When you retype the data, keep every word exactly and include none of the pictures.

DATA SEGMENT

^^^^

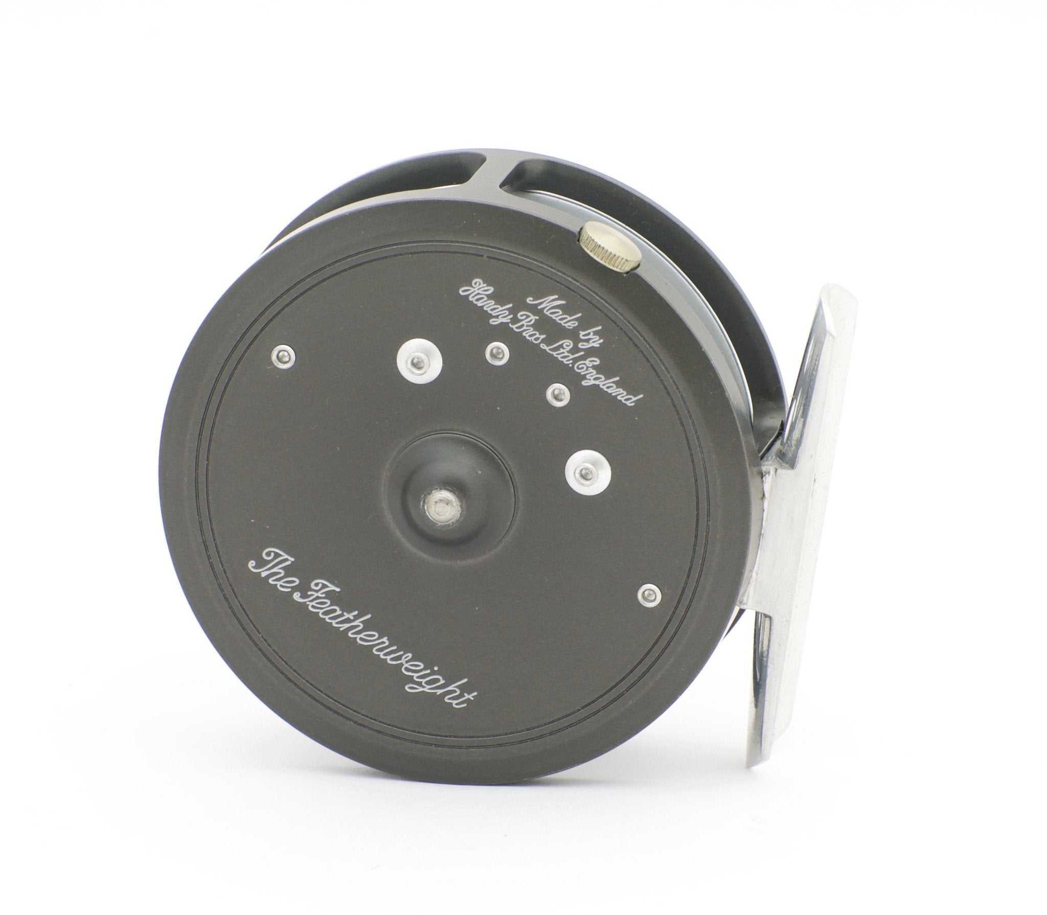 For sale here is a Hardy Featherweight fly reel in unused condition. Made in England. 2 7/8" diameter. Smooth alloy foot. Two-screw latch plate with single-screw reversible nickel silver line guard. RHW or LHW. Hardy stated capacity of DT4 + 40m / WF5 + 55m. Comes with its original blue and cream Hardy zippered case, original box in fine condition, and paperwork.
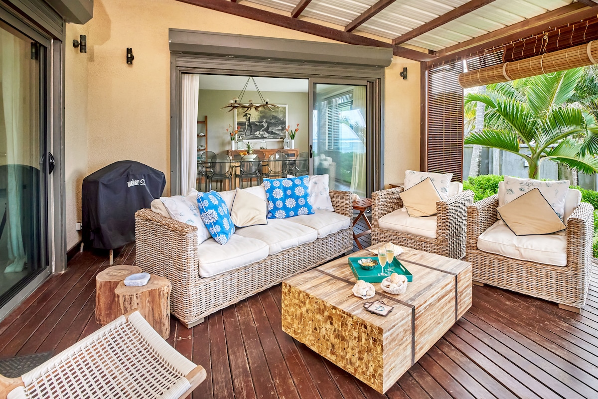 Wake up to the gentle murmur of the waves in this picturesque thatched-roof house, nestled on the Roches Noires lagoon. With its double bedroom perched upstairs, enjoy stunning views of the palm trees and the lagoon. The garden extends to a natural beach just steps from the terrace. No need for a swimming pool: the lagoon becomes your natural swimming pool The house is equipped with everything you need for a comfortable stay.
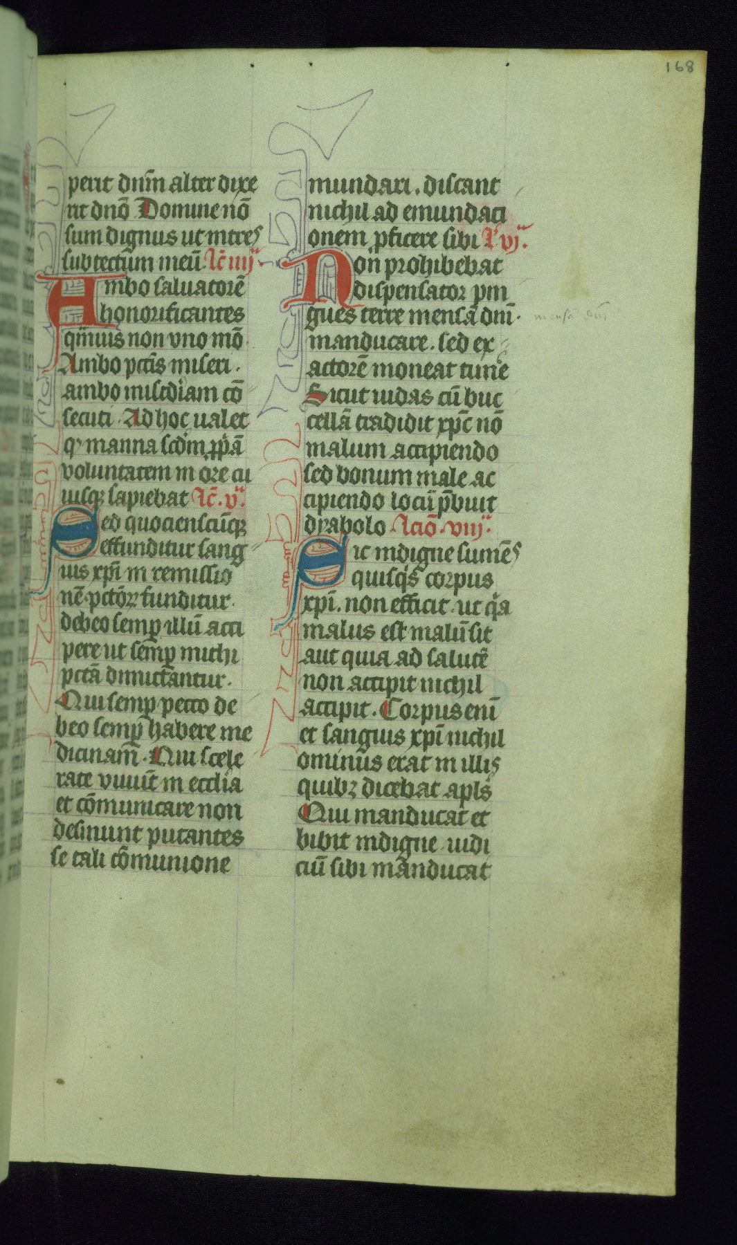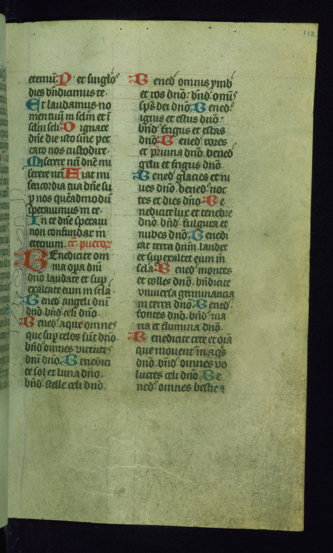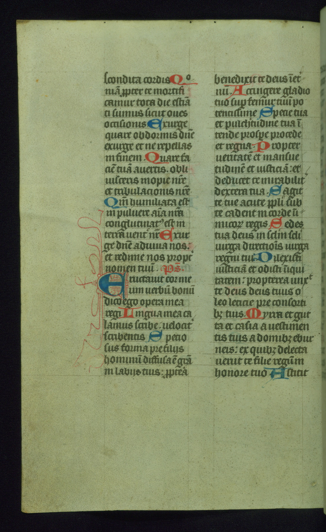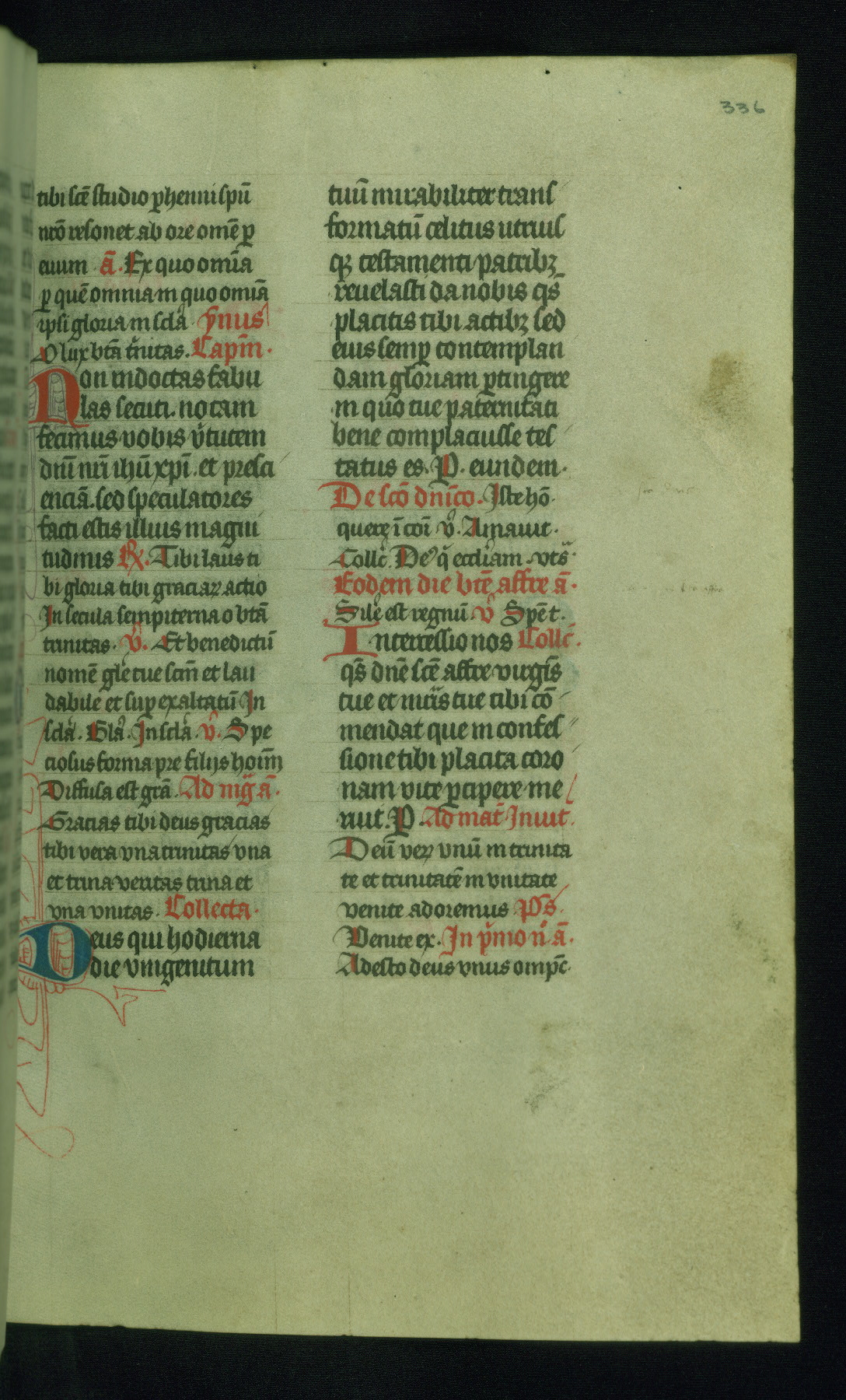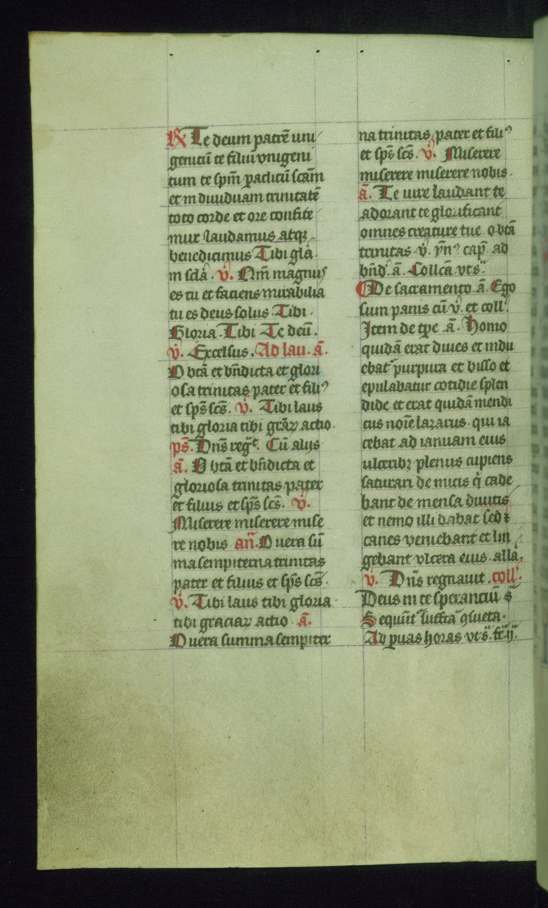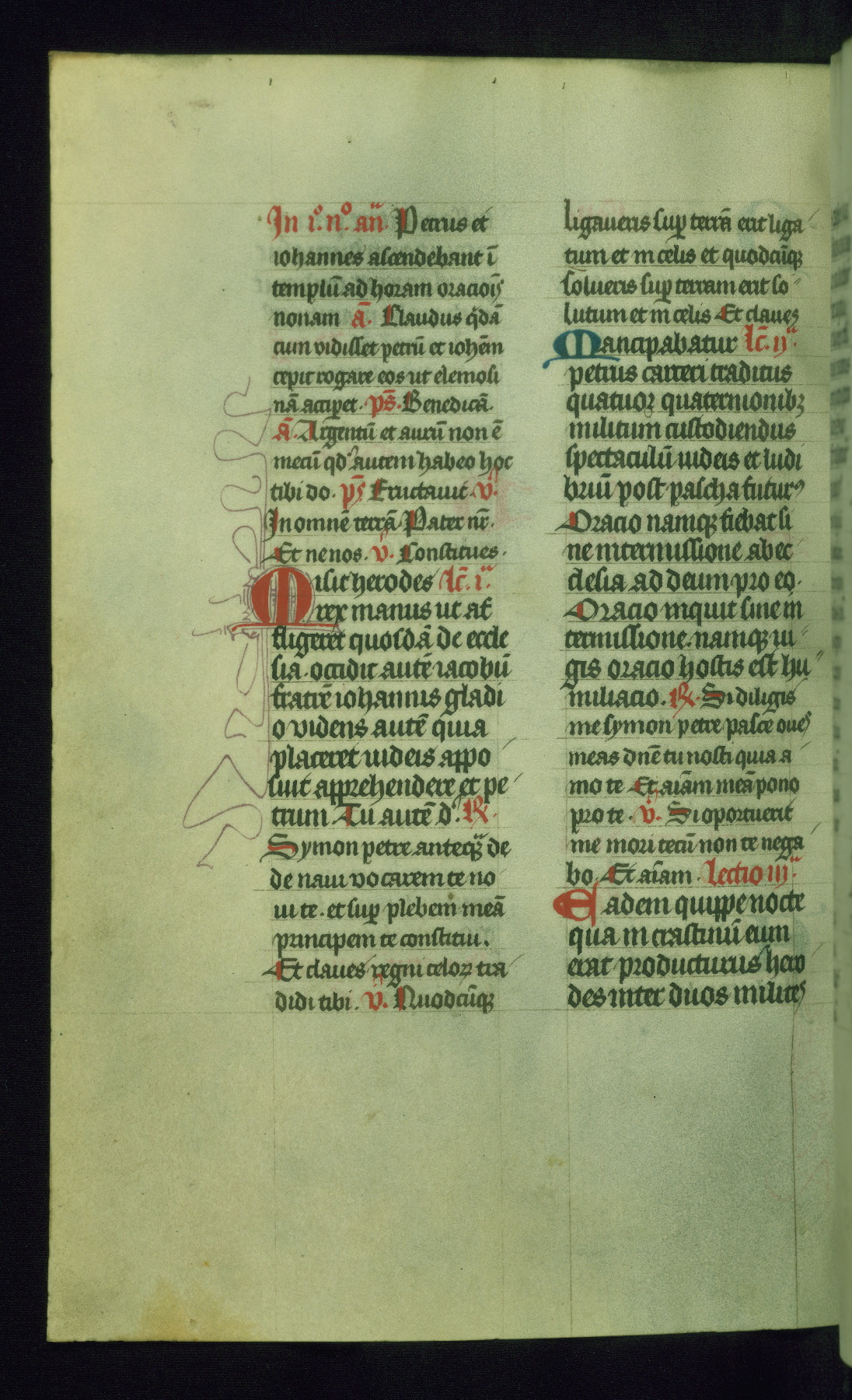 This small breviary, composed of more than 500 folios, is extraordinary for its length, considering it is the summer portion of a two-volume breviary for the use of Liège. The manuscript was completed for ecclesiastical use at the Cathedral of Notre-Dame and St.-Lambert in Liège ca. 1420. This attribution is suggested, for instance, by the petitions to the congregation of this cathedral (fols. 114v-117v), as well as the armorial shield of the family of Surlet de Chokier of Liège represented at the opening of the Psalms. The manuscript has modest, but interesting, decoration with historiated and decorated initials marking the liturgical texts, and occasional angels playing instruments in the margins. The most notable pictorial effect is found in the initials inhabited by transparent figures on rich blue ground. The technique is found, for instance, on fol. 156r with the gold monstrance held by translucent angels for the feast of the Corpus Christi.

^^^^

EXERCISE SOLUTION
 For sale here is a Hardy Featherweight fly reel in unused condition. Made in England. 2 7/8" diameter. Smooth alloy foot. Two-screw latch plate with single-screw reversible nickel silver line guard. RHW or LHW. Hardy stated capacity of DT4 + 40m / WF5 + 55m. Comes with its original blue and cream Hardy zippered case, original box in fine condition, and paperwork.
 Wake up to the gentle murmur of the waves in this picturesque thatched-roof house, nestled on the Roches Noires lagoon. With its double bedroom perched upstairs, enjoy stunning views of the palm trees and the lagoon. The garden extends to a natural beach just steps from the terrace. No need for a swimming pool: the lagoon becomes your natural swimming pool The house is equipped with everything you need for a comfortable stay.
 This small breviary, composed of more than 500 folios, is extraordinary for its length, considering it is the summer portion of a two-volume breviary for the use of Liège. The manuscript was completed for ecclesiastical use at the Cathedral of Notre-Dame and St.-Lambert in Liège ca. 1420. This attribution is suggested, for instance, by the petitions to the congregation of this cathedral (fols. 114v-117v), as well as the armorial shield of the family of Surlet de Chokier of Liège represented at the opening of the Psalms. The manuscript has modest, but interesting, decoration with historiated and decorated initials marking the liturgical texts, and occasional angels playing instruments in the margins. The most notable pictorial effect is found in the initials inhabited by transparent figures on rich blue ground. The technique is found, for instance, on fol. 156r with the gold monstrance held by translucent angels for the feast of the Corpus Christi.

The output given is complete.